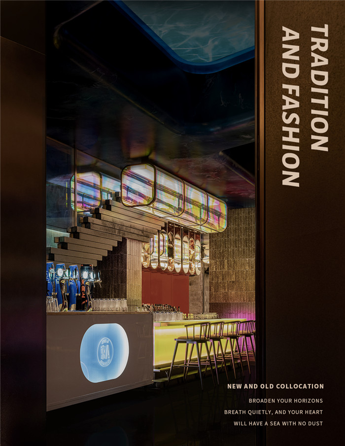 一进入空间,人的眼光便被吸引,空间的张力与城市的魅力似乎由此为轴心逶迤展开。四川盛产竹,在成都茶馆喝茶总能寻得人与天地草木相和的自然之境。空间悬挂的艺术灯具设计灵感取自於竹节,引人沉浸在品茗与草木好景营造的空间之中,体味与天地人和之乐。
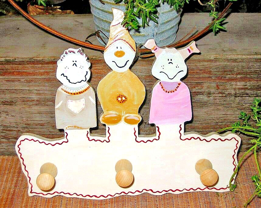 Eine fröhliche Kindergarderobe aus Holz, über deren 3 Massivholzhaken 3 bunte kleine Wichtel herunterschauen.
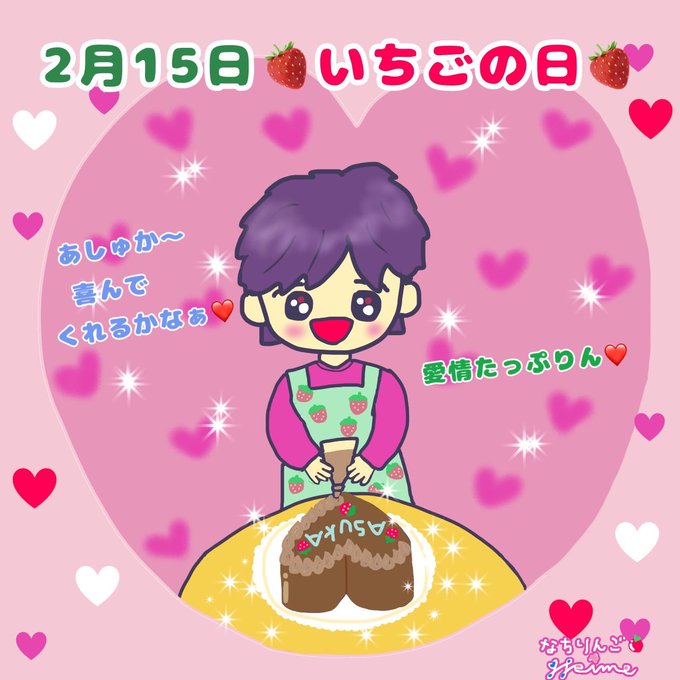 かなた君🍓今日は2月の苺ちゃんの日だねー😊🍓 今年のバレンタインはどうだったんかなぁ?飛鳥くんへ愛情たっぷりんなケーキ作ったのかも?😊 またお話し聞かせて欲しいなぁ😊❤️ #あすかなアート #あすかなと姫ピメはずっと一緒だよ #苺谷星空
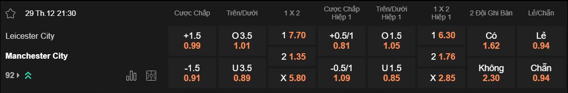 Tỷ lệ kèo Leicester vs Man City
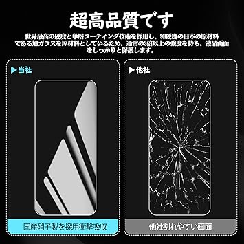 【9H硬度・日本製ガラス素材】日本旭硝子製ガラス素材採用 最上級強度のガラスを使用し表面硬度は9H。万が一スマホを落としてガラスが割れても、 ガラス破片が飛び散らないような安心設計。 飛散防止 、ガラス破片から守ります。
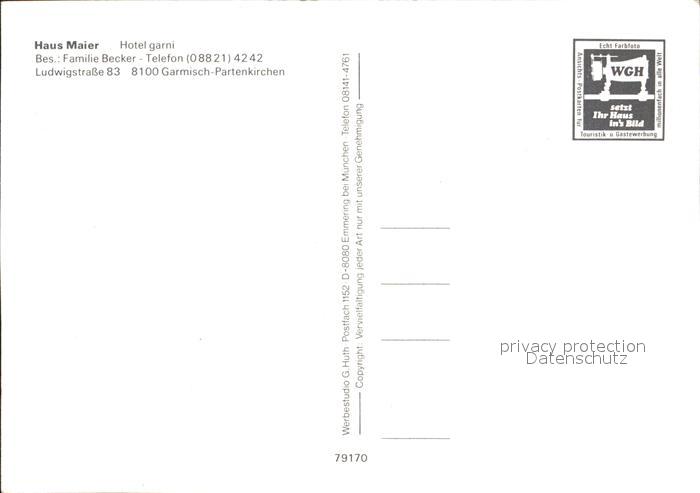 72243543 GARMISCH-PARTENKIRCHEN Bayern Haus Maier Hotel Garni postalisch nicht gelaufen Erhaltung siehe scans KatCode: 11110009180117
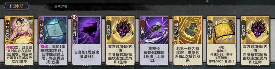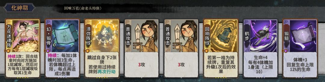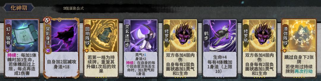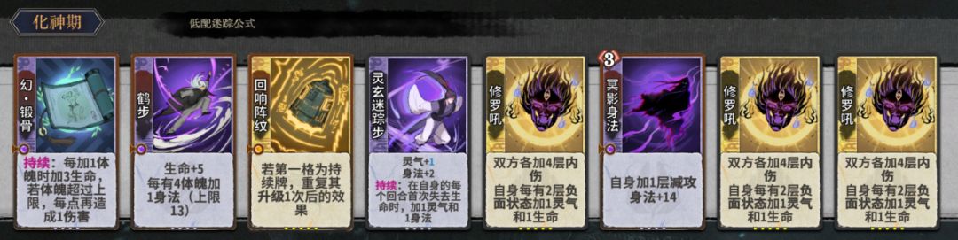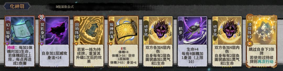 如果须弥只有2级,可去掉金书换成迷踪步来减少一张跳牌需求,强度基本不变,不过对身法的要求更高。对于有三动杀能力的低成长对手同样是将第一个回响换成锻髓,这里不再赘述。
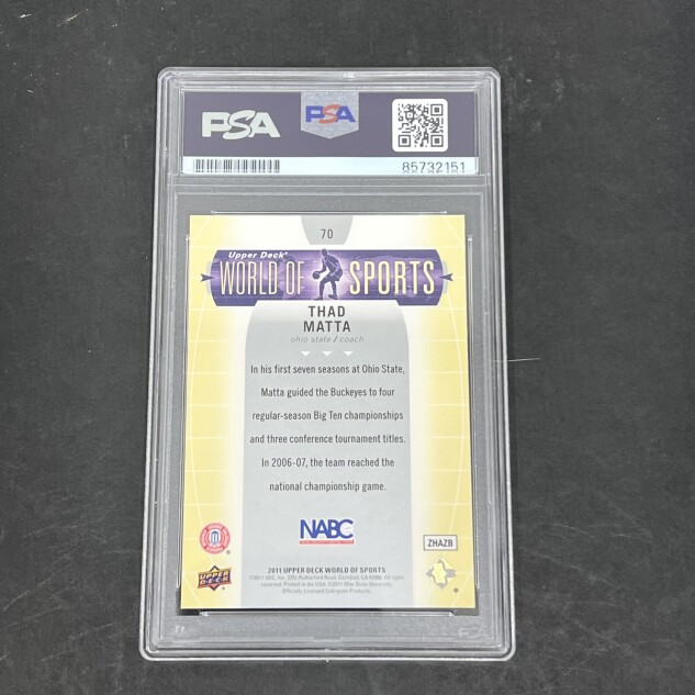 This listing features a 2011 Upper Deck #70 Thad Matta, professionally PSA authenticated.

**What this task involves**
Reproduce the entries above exactly, though not their pictures.

**Written reply**
 一进入空间,人的眼光便被吸引,空间的张力与城市的魅力似乎由此为轴心逶迤展开。四川盛产竹,在成都茶馆喝茶总能寻得人与天地草木相和的自然之境。空间悬挂的艺术灯具设计灵感取自於竹节,引人沉浸在品茗与草木好景营造的空间之中,体味与天地人和之乐。
 Eine fröhliche Kindergarderobe aus Holz, über deren 3 Massivholzhaken 3 bunte kleine Wichtel herunterschauen.
 かなた君🍓今日は2月の苺ちゃんの日だねー😊🍓 今年のバレンタインはどうだったんかなぁ?飛鳥くんへ愛情たっぷりんなケーキ作ったのかも?😊 またお話し聞かせて欲しいなぁ😊❤️ #あすかなアート #あすかなと姫ピメはずっと一緒だよ #苺谷星空
 Tỷ lệ kèo Leicester vs Man City
 【9H硬度・日本製ガラス素材】日本旭硝子製ガラス素材採用 最上級強度のガラスを使用し表面硬度は9H。万が一スマホを落としてガラスが割れても、 ガラス破片が飛び散らないような安心設計。 飛散防止 、ガラス破片から守ります。
 72243543 GARMISCH-PARTENKIRCHEN Bayern Haus Maier Hotel Garni postalisch nicht gelaufen Erhaltung siehe scans KatCode: 11110009180117
 如果须弥只有2级,可去掉金书换成迷踪步来减少一张跳牌需求,强度基本不变,不过对身法的要求更高。对于有三动杀能力的低成长对手同样是将第一个回响换成锻髓,这里不再赘述。
 This listing features a 2011 Upper Deck #70 Thad Matta, professionally PSA authenticated.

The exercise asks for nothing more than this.